Introduction to the MIT algorithm--fifth. Linear Time Sort

Source: Internet
Author: User
Tags rounds sorts square root

The topic of introduction to MIT algorithm under this column (algorithms) is an individual's learning experience and notes on the introduction to the MIT algorithm of NetEase Open course. All the content comes from the lectures of Charles E. Leiserson and Erik Demaine teachers in MIT Open Course Introduction to algorithms. (http://v.163.com/special/opencourse/algorithms.html)

Fifth section-------linear time sorting Linear times sort

The main content of this lesson is to analyze the fastest efficiency based on comparison and introduce several non-comparative linear time sorting algorithms.

First, the fastest efficiency of the sequencing can be achieved

There are several sorting algorithms already in contact, so there's a question: how fast can a sort be faster? Θ (n^2), this answer is correct only when the adjacent digital interchange is allowed, and θ (NLGN), the answer is usually correct; θ (n), the answer is also correct only in certain cases. So the right answer should be to look at the situation, depending on which operations are allowed in the calculation model you are using. The main point here is which operations are allowed during the sorting process.

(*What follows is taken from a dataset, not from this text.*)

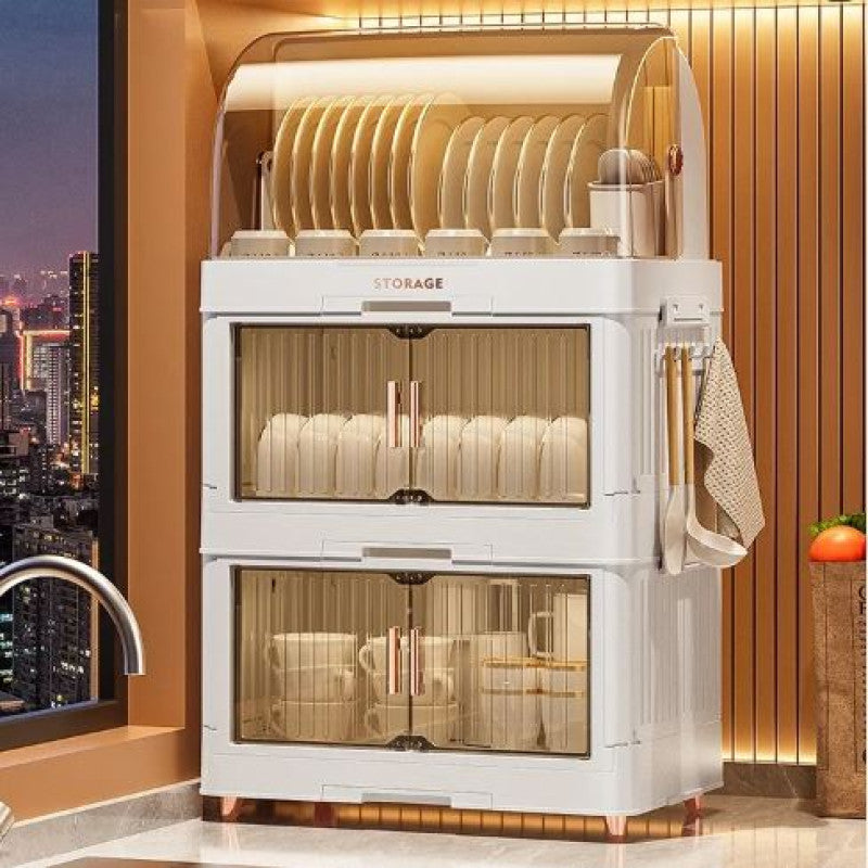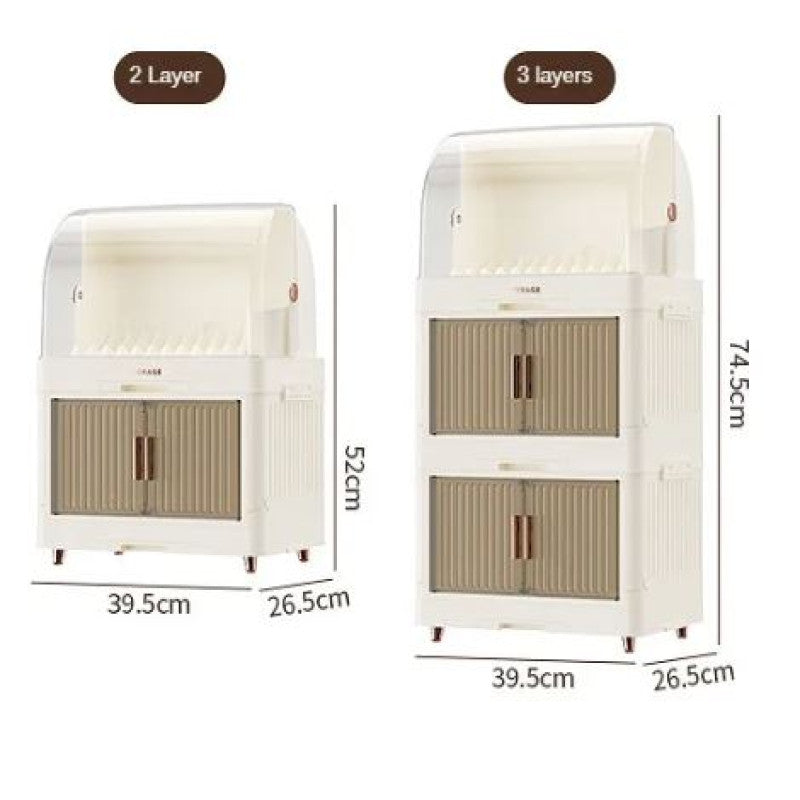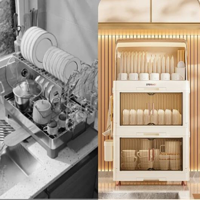 • Multi-Layer DesignUpper rack for plates, middle shelf for bowls, and lower shelf for cups and utensils.

The algorithms currently in contact (insert sort, merge sort, quick sort, heap sort) are all based on the comparison sorting algorithm. In the comparison sorting algorithm model, you can only do comparison operations to determine the relative order of elements, that is, we cannot multiply integers or other strange operations. We've seen that for comparison-based sorting algorithms, the worst-case time complexity is θ (NLGN). So there's a question, can we do it faster than Theta (NLGN)? Decision trees can help us answer this question.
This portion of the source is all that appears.